Книгу (одну) я прочитываю каждый день. И читаю с подчеркиваниями и с выписками. Редко какая остается недочитанной. Я дочитываю ее на следующий день и прочитываю еще одну - меньшего размера…
№ 4
27 ноября 1938 г.
…Что за проклятье - эти маленькие городки. Мне шагу нельзя ступнуть, чтобы об этом шаге не заговорили. Будь они трижды прокляты, эти расфуфыренные бездельники и бездельницы, которые могут сделать из человека игрушку и забаву себе!
№ 5
Ноябрь 1938 г.
…За эти дни ты дважды снилась мне во сне. Последний раз - вчера. Я был рад. И готов был спать вс[егда], только что[бы] [этот] сон - ты - снился, а не другой!
Утром пришло письмо.

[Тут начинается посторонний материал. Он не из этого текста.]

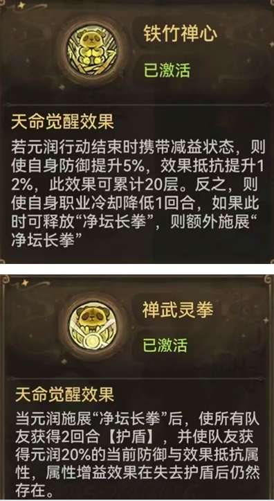 元润的基础技能几乎和普通的禅修弟子没有任何区别,在其二阶觉醒技能出来前因为五行灵根无法携带复活技能的问题导致连上一队的机会都没有。但是现在!“大人,时代不同了。”首先我们可以看到的是通过二次觉醒的元润拥有了这个游戏最大的核心之一“在动”,当每次行动结束时如果自身没有携带任何的减益状态则可额外释放“净坛长拳”。再配合另一个觉醒技能,当元润释放“净坛长拳”后使所有队友获得2回合的护盾,并获得元润当前20%防御和效果抵抗。注意这里写的是当前并不是基础,所以这也顺带可以提到和我们元润契合度及高的道兵“长夜请寒”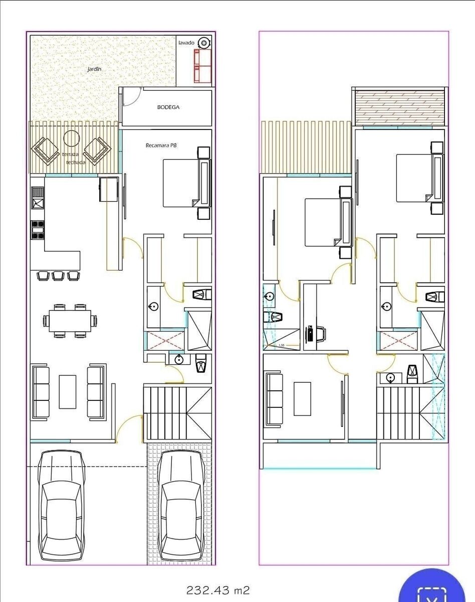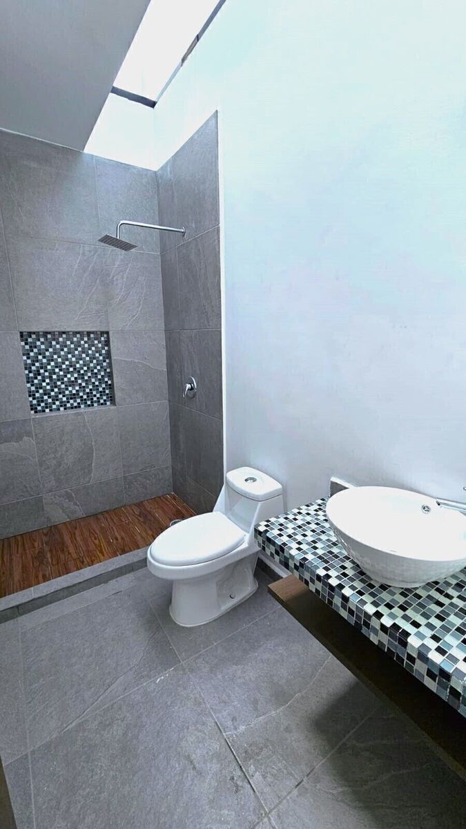 - 4 habitaciones con baño completo (2 recámaras principales gemelas con vestidor y baño, una en PB y otra en PA).

Я думал, что это все еще сон.
№ 6
4 декабря 1938 г.
…Счастливым может быть (и является) лишь тот, кто приносит счастье другим. А тогда, когда человек направляет все силы и стремления на то, чтобы обеспечить самому себе счастье, "урвать" у жизни лакомый кусок, забывает о других - тогда это кончается несчастьем. Да и само по себе это несчастье. Уже по самой природе своей человек таков, что в себе одном он не может найти счастья, для счастья одного нужно наличие двоих.
№ 7
6 декабря 1938 г.
…И подобно тому, как в мире количество энергии не изменяется, а энергия переходит лишь из одной формы в другую, так и в человеке количество энергии всегда постоянно, и самым большим преступником считаю я человека, который всю ее тратит на пустяки, малыми дозам, и при этом не горит, а чадит, коптит. Либо совсем не гореть, либо гореть во всю силу. И чтоб ярче и дольше гореть - зажигай, зажигай как можно больше. Только так можно сохранить энергию свою вечно. Не по душе мне и те субъекты, которые, обладая "мощными запасами энергии" (говоря языком учебника географии), всю ее проявляют в форме блеска, ослепительного света, не давая, подобно бенгальским огням, ни тепла, ни жизни…
№ 8
7 декабря 1938 г.
…И всю жизнь я живу такими вот глотками, рывками. Ровно и тихо жить не умею.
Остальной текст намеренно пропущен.